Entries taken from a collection
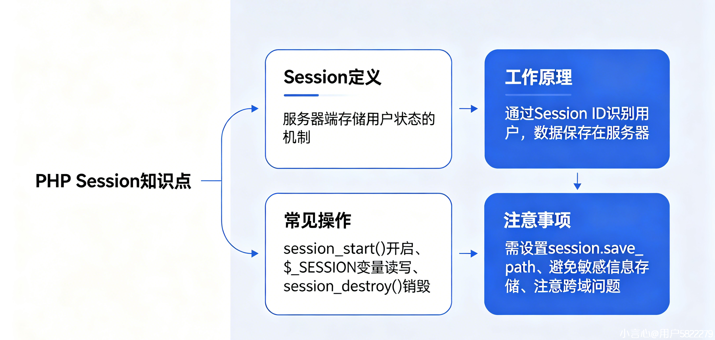 ​​服务器端存储:​​ PHP Session 数据默认存储在服务器上(文件、数据库、内存缓存等)。你设置的
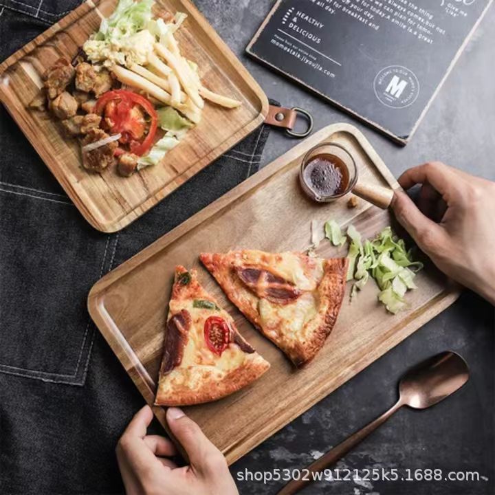 ハンドル付きアカシア木まな板パーティー熟食ステーキパスタ皿角ピザチーズ板
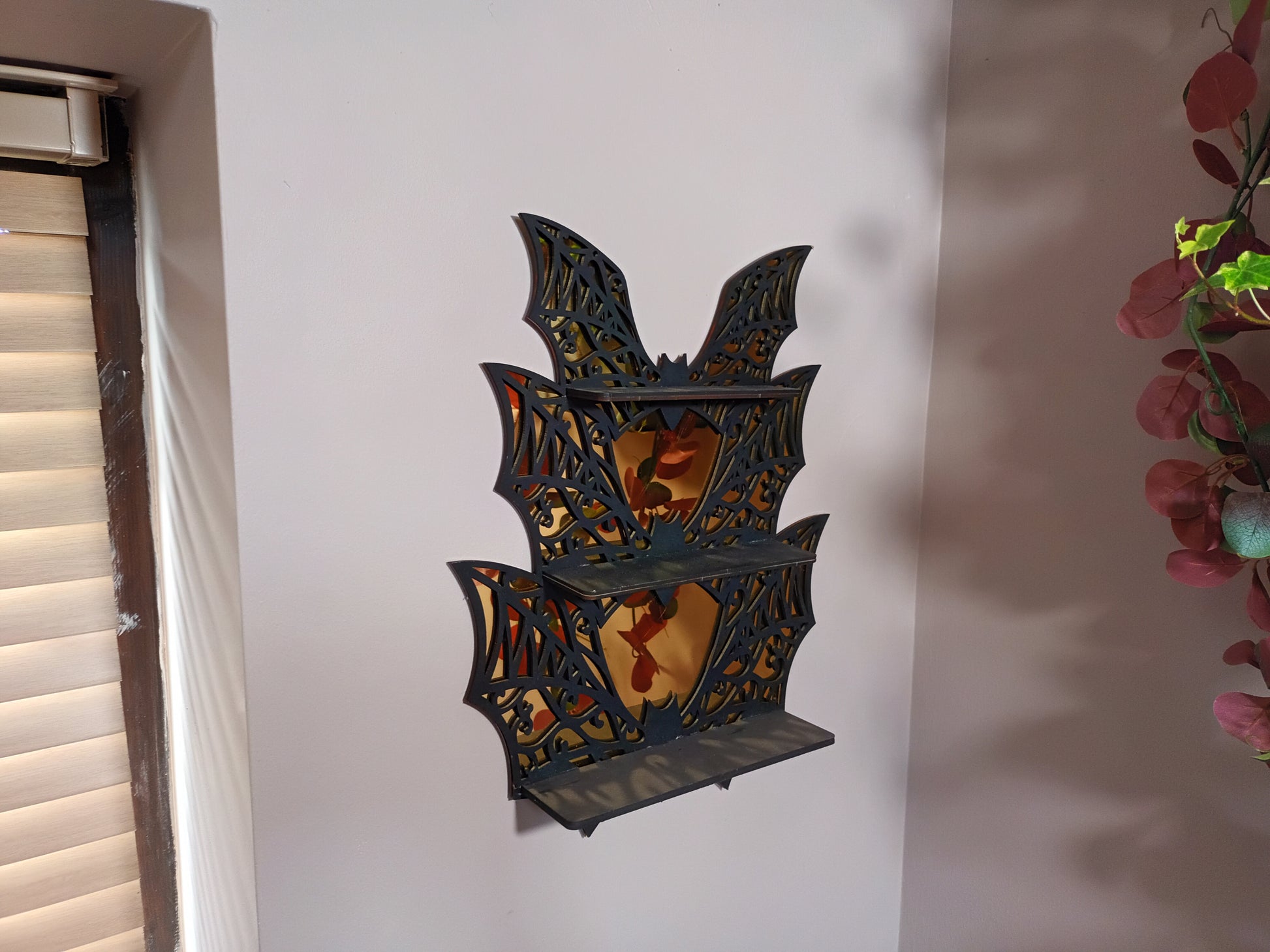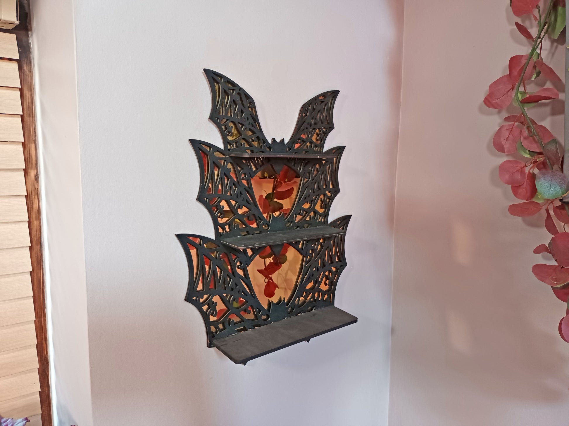 Bat Shelf Mirror, Gothic Display Shelf, Gothic Décor, Gothic Storage, Gothic Shelving, Crystal Show Shelf, Crystal Display Shelf
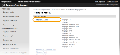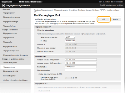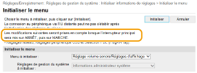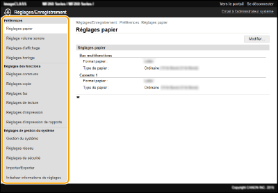Vous ne pouvez modifier certains réglages que si vous êtes connecté en Mode administrateur système.
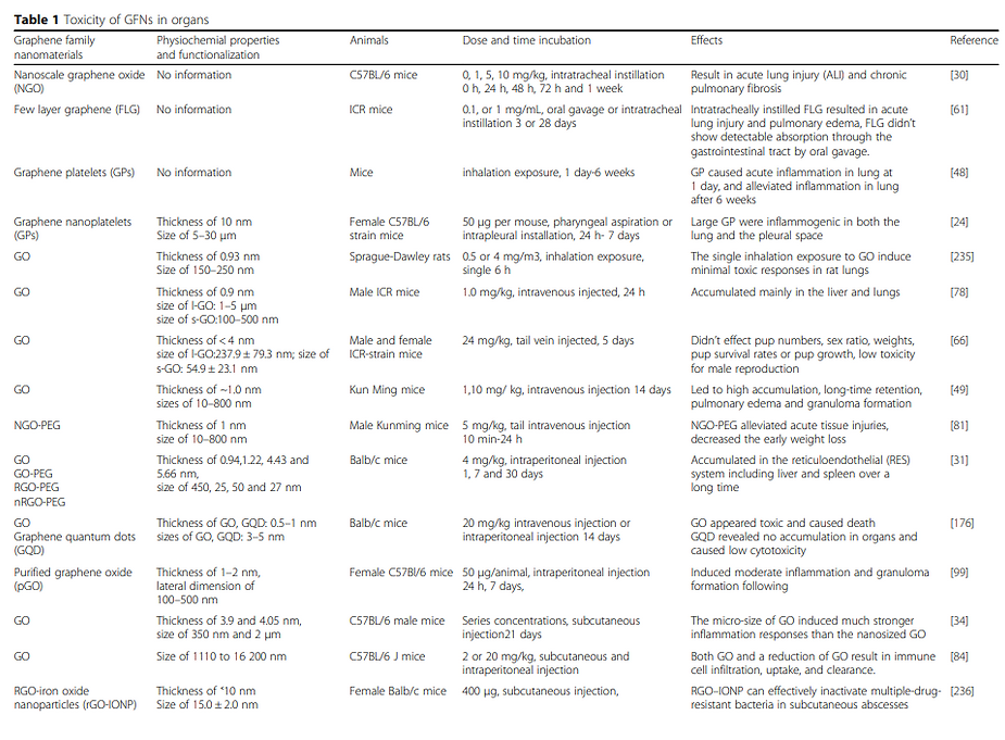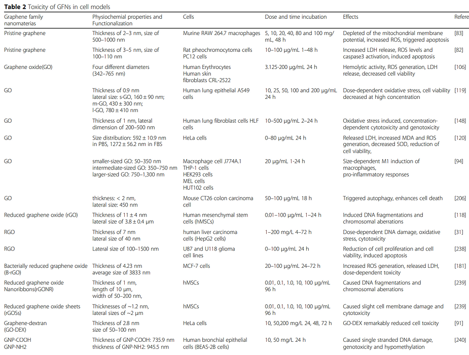 Graphene, Graphene Oxide (GO), carbon nano-tubes, and the entire graphene-family nano-materials (GFN) are toxic in almost all their forms, causing mutagenesis (cancer, chromosomal alteration), cell death, apoptosis, necrosis, and the release of free radicals.
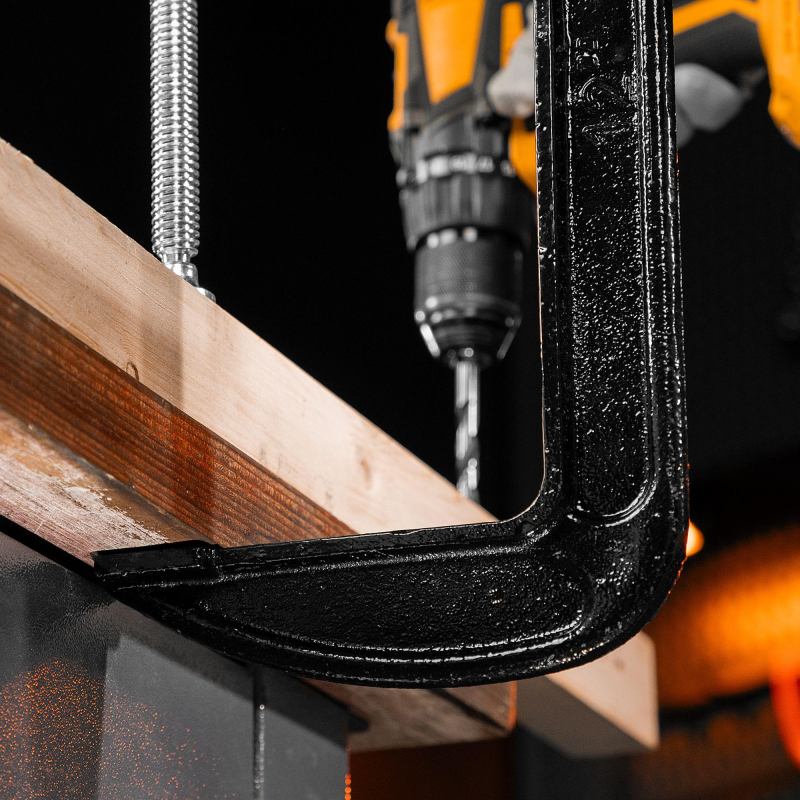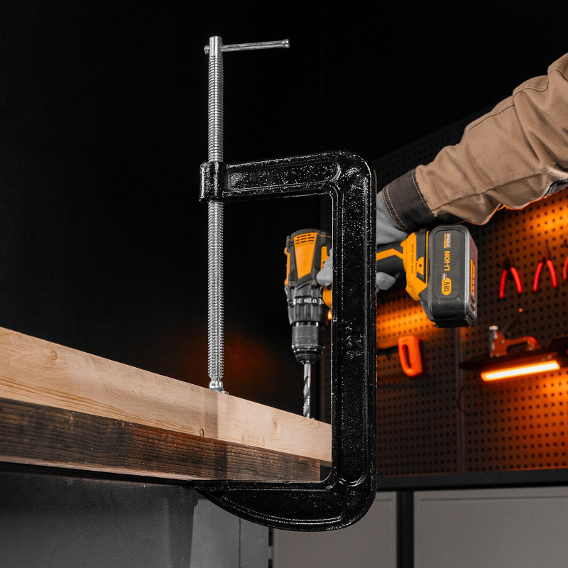 Рама струбцины покрыта цветным лаком. Винт струбцины со специальным зажимом и крупной червячной резьбой позволяет надежно фиксировать предметы.Внешний вид и/или характеристики товара могут быть изменены производителем в соответствии с производственным процессом.

Work instructions -
Retype, exactly as written, each line from the one containing "Vous ne pouvez" through the end of the data above, and leave out every picture.

Answer space -
Vous ne pouvez modifier certains réglages que si vous êtes connecté en Mode administrateur système.
 Graphene, Graphene Oxide (GO), carbon nano-tubes, and the entire graphene-family nano-materials (GFN) are toxic in almost all their forms, causing mutagenesis (cancer, chromosomal alteration), cell death, apoptosis, necrosis, and the release of free radicals.
 Рама струбцины покрыта цветным лаком. Винт струбцины со специальным зажимом и крупной червячной резьбой позволяет надежно фиксировать предметы.Внешний вид и/или характеристики товара могут быть изменены производителем в соответствии с производственным процессом.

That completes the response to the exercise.